In 1891, the same year the railroad arrived, Telluride entrepreneur L. L. Nunn partnered with George Westinghouse to build the Ames Hydroelectric Generating Plant near town. The plant transmitted industrial-grade alternating current power to the Gold King Mine -- the first successful demonstration of long-distance AC power transmission. It used two Westinghouse alternators, one as a generator producing 3,000 volts of single-phase AC and the other as a motor. This achievement predated the famous Westinghouse plant at Niagara Falls by four years. A second hydroelectric plant, built in 1895 at Bridal Veil Falls to power the Smuggler-Union Mine, still stands on the eastern edge of town. Telluride's contribution to electrical engineering is one of the most overlooked stories in American industrial history.

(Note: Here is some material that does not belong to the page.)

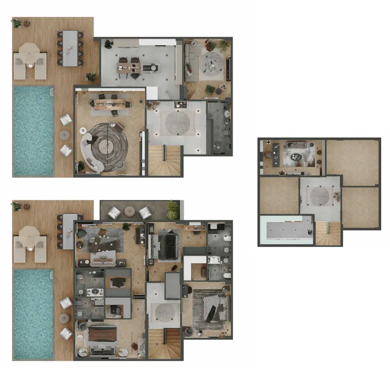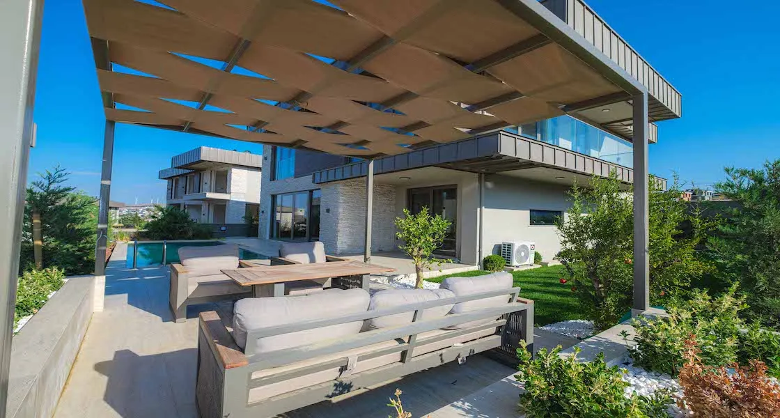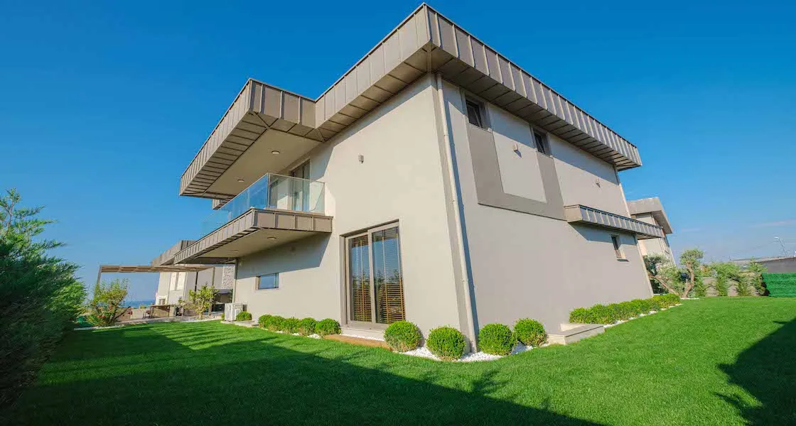Each villa is designed with innovative layouts that include two living rooms and six bedrooms, with an average area of 380 square meters per villa. Each room is equipped with a private en-suite bathroom and a dressing room, reflecting attention to the finest details of comfort. To enhance energy efficiency and respect for the environment, a solar energy infrastructure has been designed, demonstrating a commitment to a sustainable future and a greener lifestyle. The project also offers a heated private pool within the complex, featuring a modern architectural design that harmonizes with contemporary lifestyles. The villas are equipped to the highest quality standards, utilizing HÜPPE branded shower systems, integrated kitchen appliances from FRANKE, as well as NEOLITH porcelain kitchen surfaces and ROCA bathroom sets. Electricity from Panasonic is used to ensure the highest levels of performance. All these features make this project an ideal choice for those seeking excellence and comfort in one of the most beautiful locations in Istanbul.

Mining was Telluride's sole industry until 1972, when Joseph T. Zoline installed the town's first ski lift. The Pandora hard-rock mine kept operating until 1978, and the transition was jarring. Mining families left for places like Moab, Utah, where uranium offered continued employment. They were replaced by what locals called hippies -- young people drawn to hang gliding, kayaking, and a casual mountain lifestyle. At one point, a serious proposal sought to ban cars and replace them with horse-drawn carts. But the music and film festivals that launched in the 1970s exposed hundreds of thousands to the valley's grandeur for the first time. By the 1980s, Telluride had earned a reputation as Colorado's best-kept secret, which paradoxically made it famous. Celebrities like Tom Cruise, Oprah Winfrey, and Oliver Stone arrived, and by the mid-1990s, Telluride had established itself as a premier resort town.

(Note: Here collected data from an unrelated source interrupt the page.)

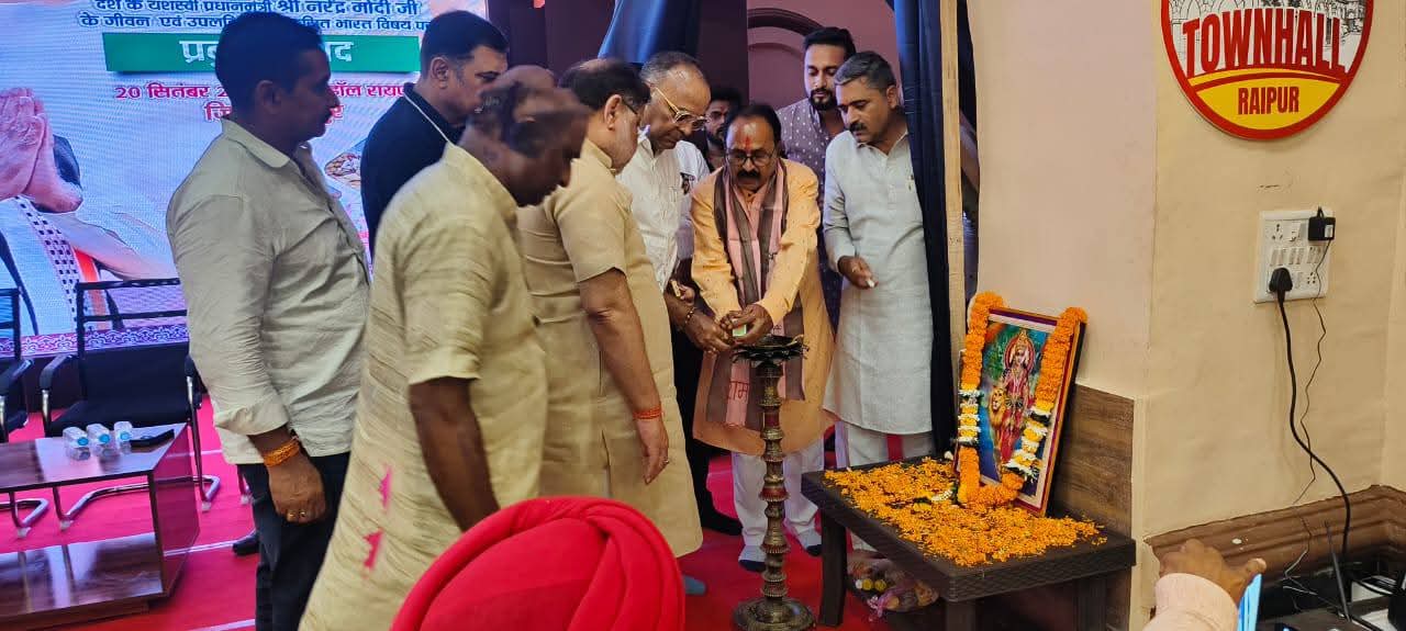 रायपुर । भाजपा रायपुर शहर जिला द्वारा आयोजित प्रबुद्ध सम्मेलन शनिवार को टाउन हॉल में सम्पन्न हुआ। कार्यक्रम का शुभारंभ शहर जिला अध्यक्ष रमेश ठाकुर के स्वागत उद्बोधन से हुआ। उन्होंने कहा कि सम्मेलन से मिले सुझाव केंद्र और राज्य सरकार की नीतियों में शामिल किए जाते हैं, जिससे जनता की भागीदारी सरकार में झलकती है।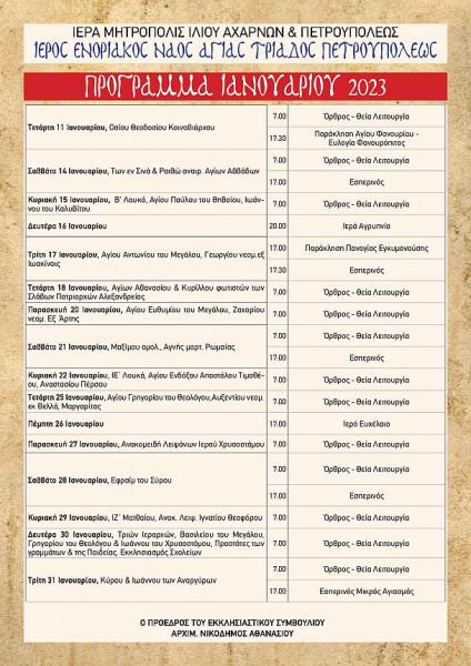 Πρόγραμμα ακολουθιών Ιανουαρίου 2023 Αγ. Τριάδας Πετρ.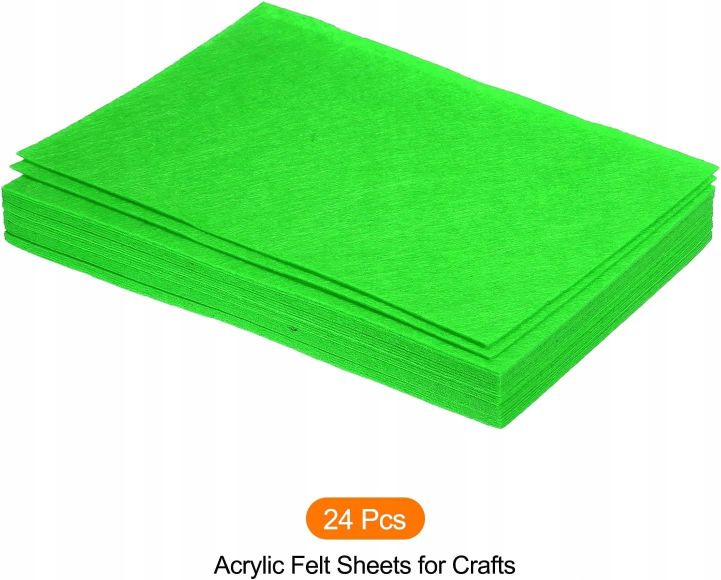 [Rozmiar]: Miękka filcowa tkanina ma wymiary: 30 cm x 20 cm (dł. x szer.); Grubość: 0,7 mm; Kolor: zielony; Materiał: Akryl; Opakowanie 24 arkuszy filcu akrylowego do prac ręcznych.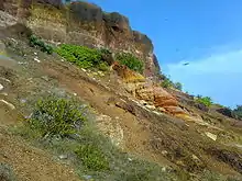 Unlike the flat portion of the Kerala coast, at the northern coastal region cliffs are found adjacent to the Arabian Sea at Varkala.[5] These tertiary sedimentary formation cliffs are considered as a unique geological feature. It is known among geologists as the "Varkala Formation" and a geological monument as declared by the Geological Survey of India.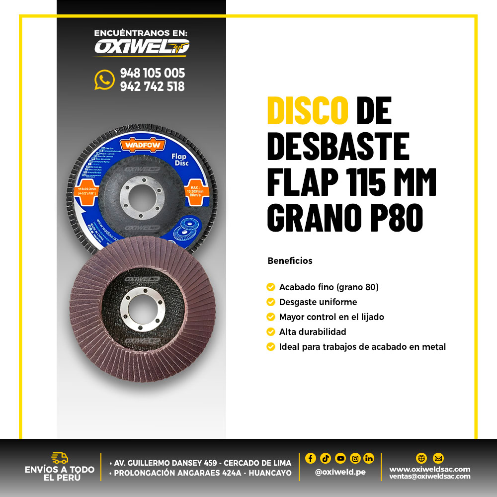 El disco flap P80 Wadfow es una herramienta abrasiva diseñada para trabajos de lijado, acabado y pulido en superficies metálicas.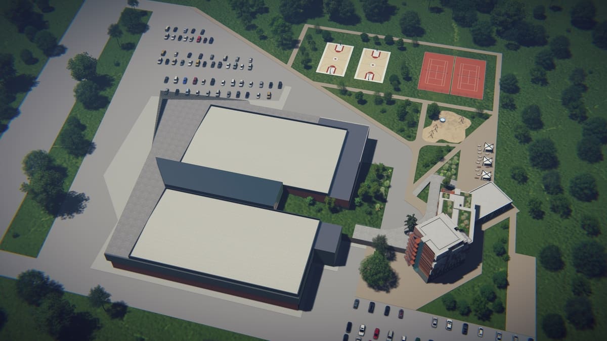 This concept design proposes a comprehensive sports complex and hotel in Riga, specifically tailored to serve as a high-quality training base for hockey players. The core of the facility is the modern Ice Arena, complemented by additional sports infrastructure and an integrated hotel to house athletes and staff.
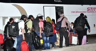 Homs/ La 8e partie d’hommes armés et un certain nombre de leurs familles rejetant l’accord de réconciliation ont quitté le quartier de Waer en direction de Jarablos dans la banlieue nord-est …
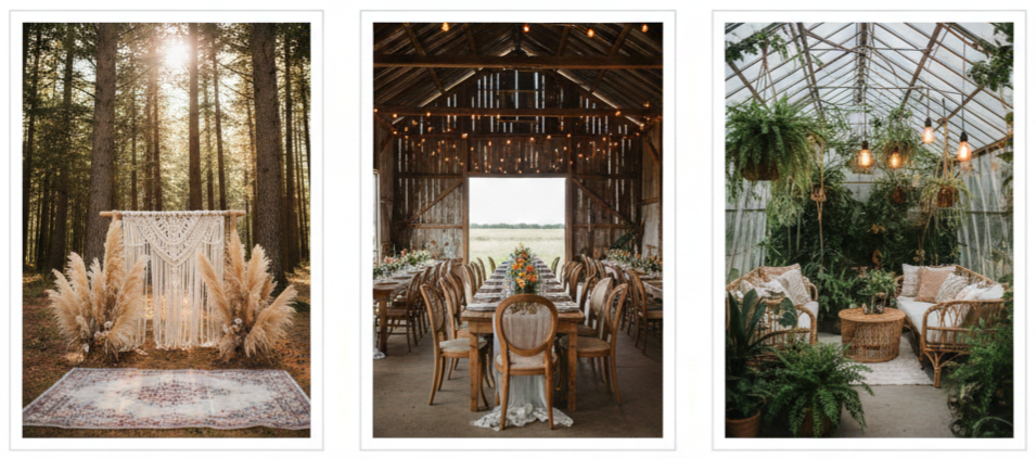 Not always. While outdoor venues fit the style well, indoor spaces with character—like barns or greenhouses—can bring the Boho vibe indoors. It’s all about using natural textures and mood lighting.

Today Telluride is connected to its companion community of Mountain Village by a free gondola -- the only one of its kind in North America. The 13-minute ride reaches the San Sophia station at an elevation that puts riders among the peaks. The town's bus system is called the Galloping Goose, a nod to the quirky railcars that once ran on the Rio Grande Southern. Telluride Regional Airport, once the highest elevation commercial airport in the United States, is considered one of the most challenging in the country due to rugged terrain, high elevation, and volatile weather. Most travelers fly into Montrose instead. The Telluride Historic District, encompassing much of the town, is one of Colorado's 20 National Historic Landmarks. A population of 2,607 lives among these layers of history in a canyon that still feels, as it always has, like the end of the road.

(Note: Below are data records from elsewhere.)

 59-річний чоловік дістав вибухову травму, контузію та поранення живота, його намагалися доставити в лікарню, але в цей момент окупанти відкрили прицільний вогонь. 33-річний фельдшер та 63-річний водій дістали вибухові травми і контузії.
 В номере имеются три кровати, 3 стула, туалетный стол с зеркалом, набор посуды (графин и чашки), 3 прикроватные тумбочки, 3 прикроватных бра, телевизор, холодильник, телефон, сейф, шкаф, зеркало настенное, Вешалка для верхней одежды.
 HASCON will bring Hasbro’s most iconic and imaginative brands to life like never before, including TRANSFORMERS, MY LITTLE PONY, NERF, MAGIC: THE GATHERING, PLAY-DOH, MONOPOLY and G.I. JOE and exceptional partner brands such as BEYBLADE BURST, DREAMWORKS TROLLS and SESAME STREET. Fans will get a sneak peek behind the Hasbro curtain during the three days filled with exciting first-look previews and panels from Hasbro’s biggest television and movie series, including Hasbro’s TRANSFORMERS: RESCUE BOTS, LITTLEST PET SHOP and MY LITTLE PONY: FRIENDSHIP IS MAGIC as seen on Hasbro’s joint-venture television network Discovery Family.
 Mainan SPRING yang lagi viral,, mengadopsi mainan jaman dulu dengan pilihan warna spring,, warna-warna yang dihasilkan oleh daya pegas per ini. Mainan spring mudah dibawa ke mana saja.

Telluride sits at approximately 37.94N, 107.82W in a box canyon at roughly 8,750 feet elevation. The town is visible as a compact grid at the end of a narrow valley, with Bridal Veil Falls at the canyon's head to the east and Ingram Falls visible from above. Telluride Regional Airport (KTEX) sits on the mesa above town -- one of the most challenging airports in the US due to high elevation, short runway, and surrounding terrain. Montrose Regional Airport (KMTJ) is the primary commercial airport, approximately 65 miles north by road. The free gondola connecting Telluride to Mountain Village is visible as a cable line ascending the south ridge. Colorado Route 145 approaches from the west; Imogene Pass and Black Bear Pass provide rugged overland access.